And now for 50 years worth of security updates for a phone like that. Not to mention what people might do with throwing a phone in the trash or something

andrew@lemmy.stuart.fun on 13 Jan 2024 16:35 next collapse

I’d take it if it was a reasonable price, like 1k, and if I could just swap it into new phones every time I upgraded.

The problem is, power requirements tend to increase as computation power increases. And no doubt battery tech will improve in those 50 years.

AbidanYre@lemmy.world on 13 Jan 2024 16:39 next collapse

So what if power requirements increase. It could quadruple and now my battery will only last twelve years? There are plenty of other things that will start failing before then.

ReveredOxygen@sh.itjust.works on 13 Jan 2024 17:05 collapse

I don’t know about this particular tech, but you can’t really control the speed of radioactive decay very easily. It’s possible they’re doing something, but if they’re just collecting the energy then there’s nothing you can do to get more energy in exchange for a shorter life

AbidanYre@lemmy.world on 13 Jan 2024 17:19 collapse

That’s fair.

Isn’t decay exponential though? So there would likely be some extra power being wasted at the beginning? Until it couldn’t supply however much is needed today? Or is that timeline long enough that 50 years is basically nothing?

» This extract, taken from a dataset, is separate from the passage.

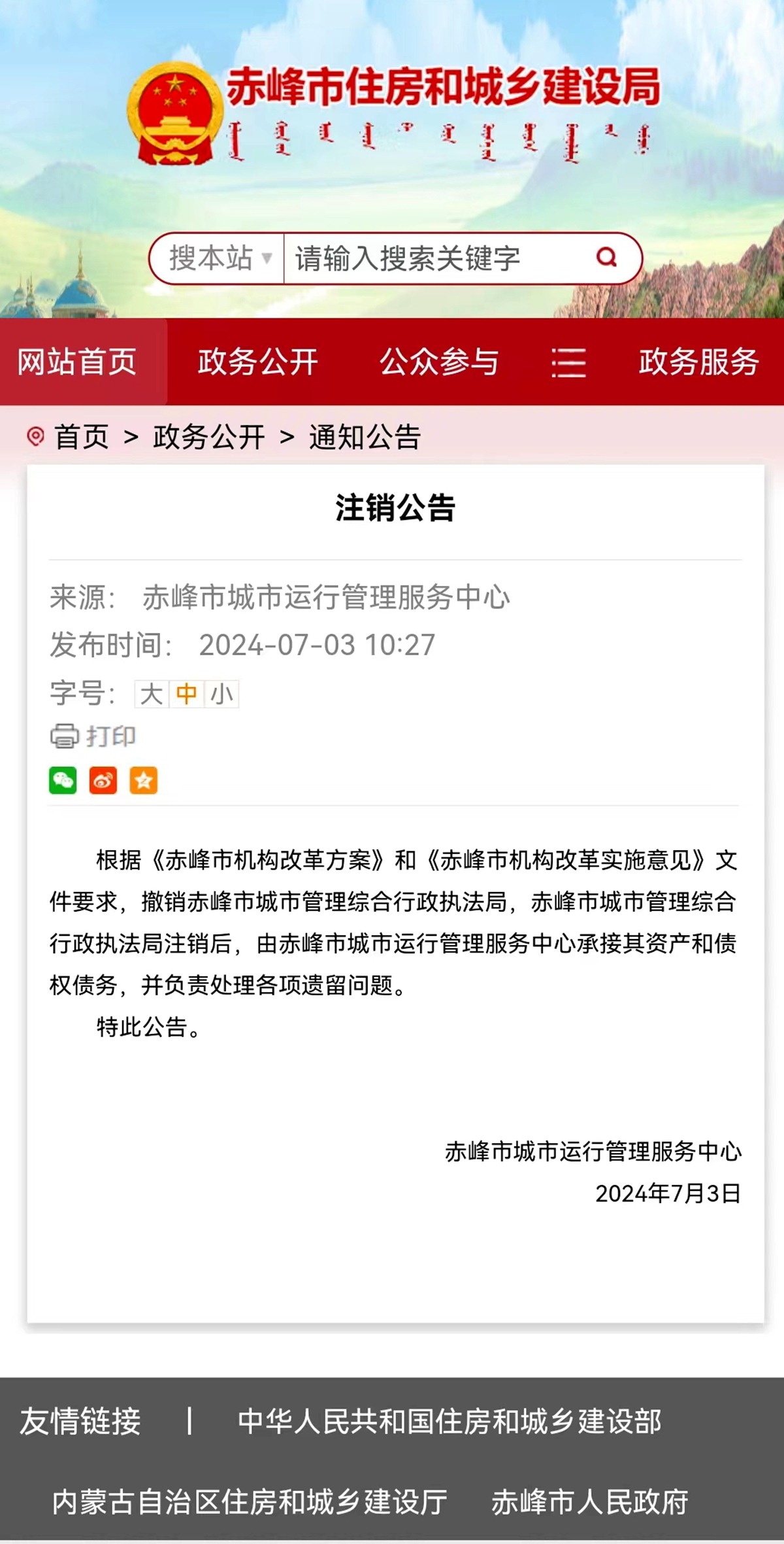 7月3日,赤峰市城市运行管理服务中心发布《注销公告》(下称公告),注销赤峰市城市管理综合行政执法局。

godzillabacter@lemmy.world on 13 Jan 2024 17:54 collapse

It depends on the half life of the element in question. The most comparable concrete thing we can compare this to with real numbers because we know it works is an RTG. RTGs are solid-state generators, but people could colloquially refer to them as “batteries” and not be terribly wrong. They take a quantity of a radioactive material and allow it to decay, using the heat given off to establish a thermal gradient which is then converted to electricity via thermocouples. Most of these are “fueled” with Pu-238 (at least the ones for spacecraft), which has a half life of 87.7 years. That means in 87.7 years, if you started with 4kg of Pu when you built it, you’d have only 2kg of Plutonium left. If the Pu decayed only into stable isotopes (it doesn’t) then your radioactive emissions/decay would also be exactly halved at this time. If the electrical system is perfectly efficient this would also halve the electrical power produced.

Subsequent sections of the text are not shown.